**Instructions for the task**
With the pictures left out, restate exactly the part below that opens with the line containing "Sala simples com" and closes with the line containing "Limitsiz programs are".

**Supplied material**
-=-=-=-=-
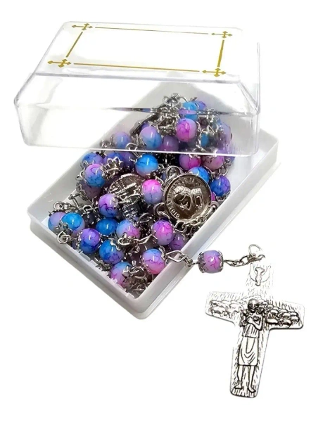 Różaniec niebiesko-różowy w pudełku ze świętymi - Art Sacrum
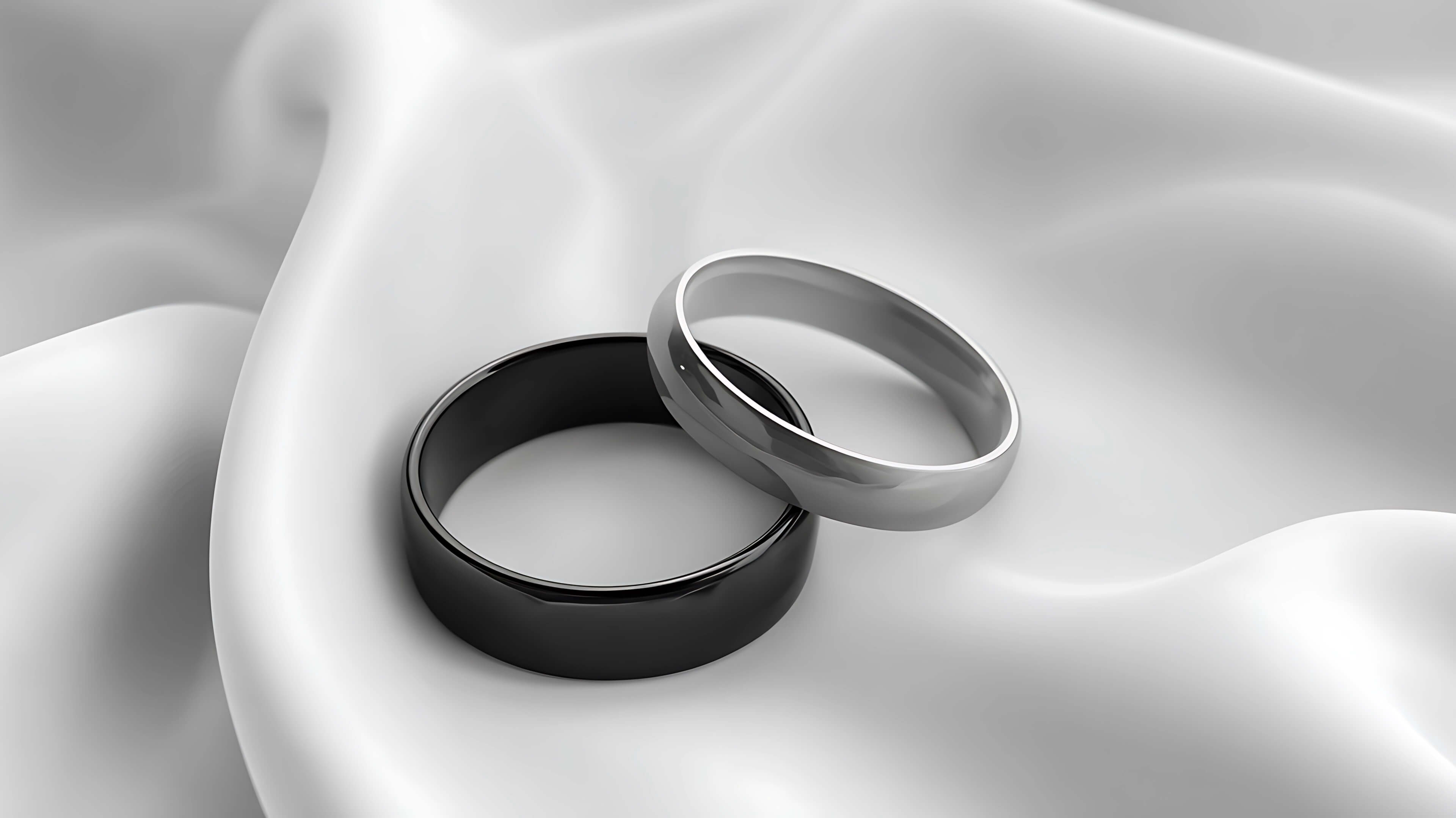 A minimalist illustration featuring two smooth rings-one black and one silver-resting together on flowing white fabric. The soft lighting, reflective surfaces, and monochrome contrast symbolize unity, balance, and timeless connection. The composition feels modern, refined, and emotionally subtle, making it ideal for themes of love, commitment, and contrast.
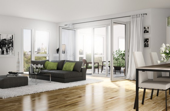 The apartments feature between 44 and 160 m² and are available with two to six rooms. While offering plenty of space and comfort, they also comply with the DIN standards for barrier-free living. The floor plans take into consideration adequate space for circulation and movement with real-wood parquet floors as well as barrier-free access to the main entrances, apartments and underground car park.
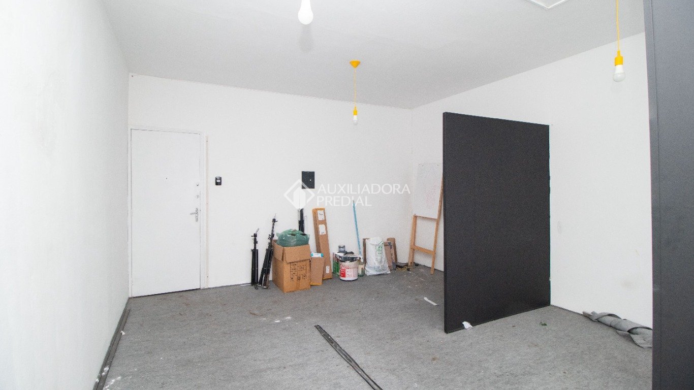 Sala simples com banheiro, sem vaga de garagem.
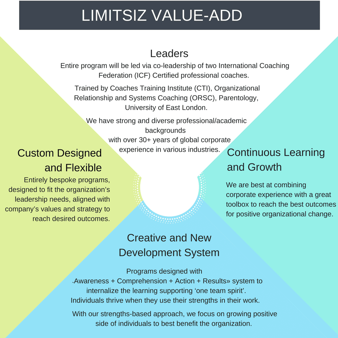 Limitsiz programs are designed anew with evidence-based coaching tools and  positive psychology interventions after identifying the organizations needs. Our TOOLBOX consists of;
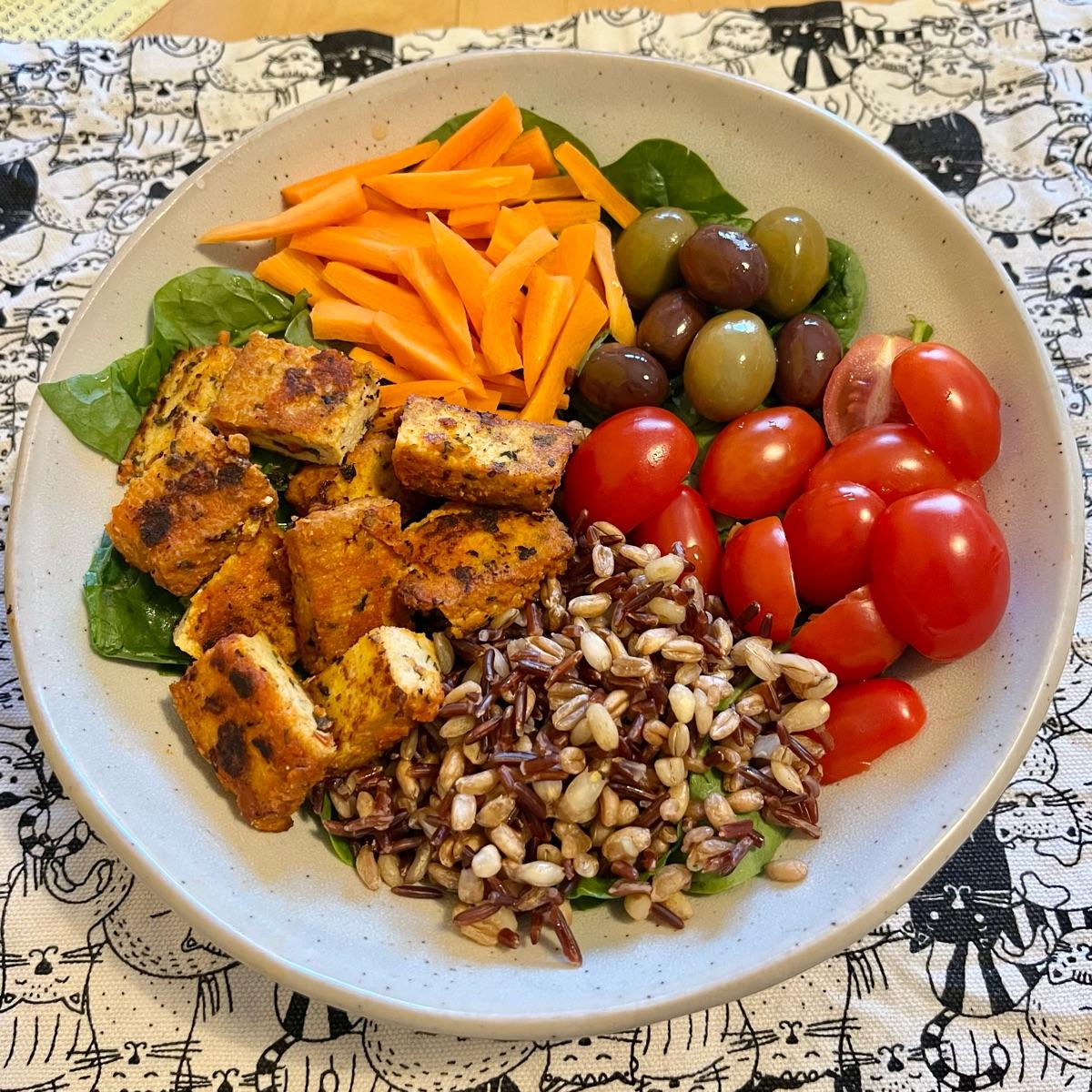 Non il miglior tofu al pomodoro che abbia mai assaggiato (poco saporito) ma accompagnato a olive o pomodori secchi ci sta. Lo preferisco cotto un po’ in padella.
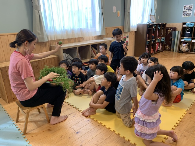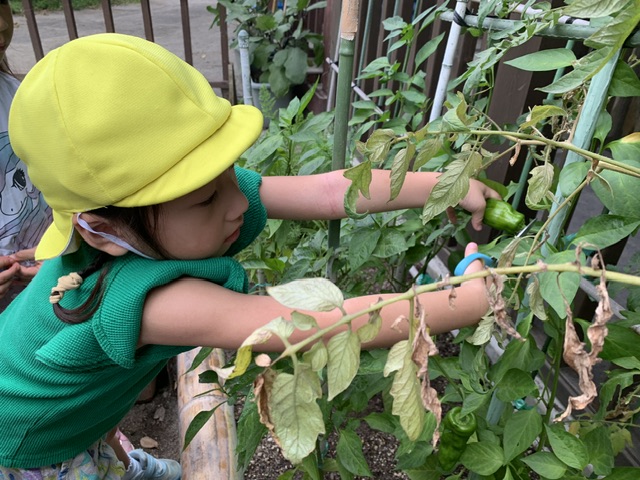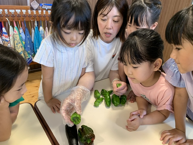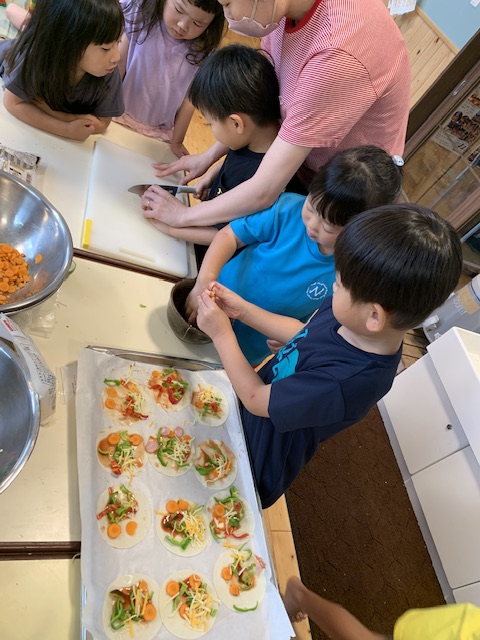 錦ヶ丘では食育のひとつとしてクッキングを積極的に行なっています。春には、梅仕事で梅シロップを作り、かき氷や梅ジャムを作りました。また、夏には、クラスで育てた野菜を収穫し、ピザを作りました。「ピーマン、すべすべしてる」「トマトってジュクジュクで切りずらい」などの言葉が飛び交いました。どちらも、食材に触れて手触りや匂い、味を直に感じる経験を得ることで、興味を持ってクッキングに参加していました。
-=-=-=-=-
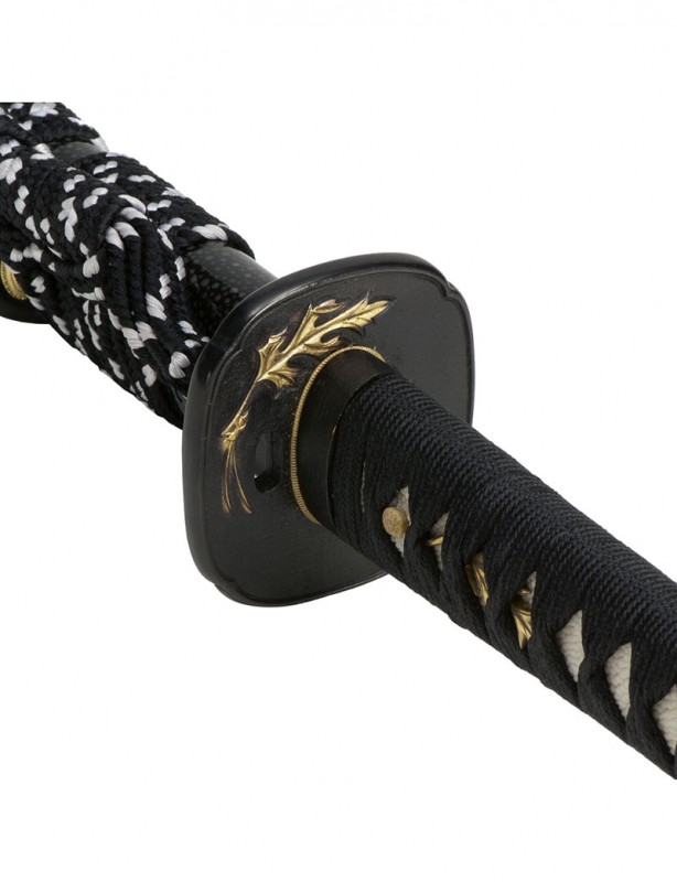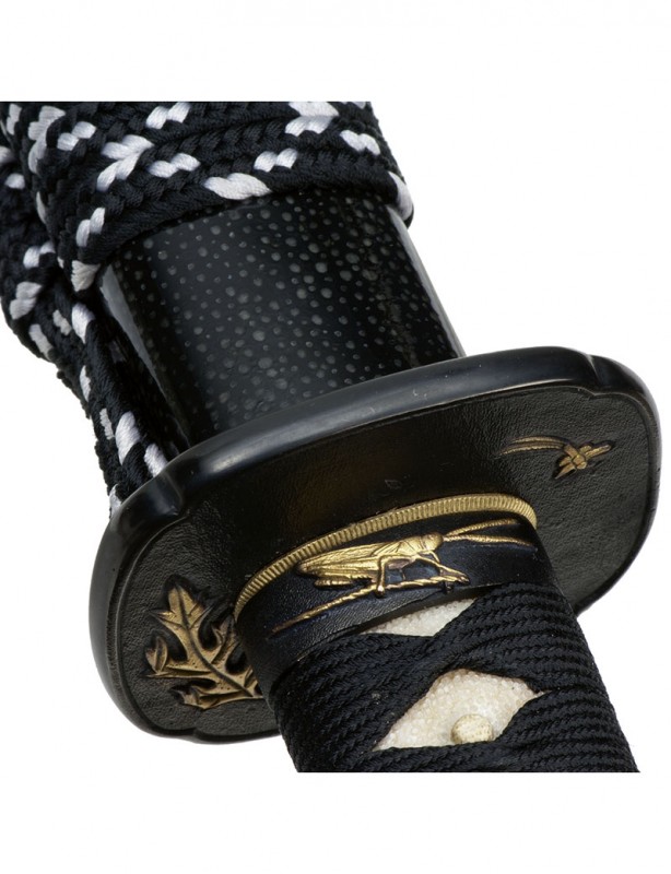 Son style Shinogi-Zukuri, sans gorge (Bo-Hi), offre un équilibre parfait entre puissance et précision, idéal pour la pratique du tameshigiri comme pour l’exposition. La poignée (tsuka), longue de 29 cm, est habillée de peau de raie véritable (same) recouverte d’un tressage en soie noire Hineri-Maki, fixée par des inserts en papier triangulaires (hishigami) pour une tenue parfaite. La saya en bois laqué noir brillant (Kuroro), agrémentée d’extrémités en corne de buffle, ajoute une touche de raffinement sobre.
-=-=-=-=-
**Solution to the problem**
 Sala simples com banheiro, sem vaga de garagem.
 Limitsiz programs are designed anew with evidence-based coaching tools and  positive psychology interventions after identifying the organizations needs. Our TOOLBOX consists of;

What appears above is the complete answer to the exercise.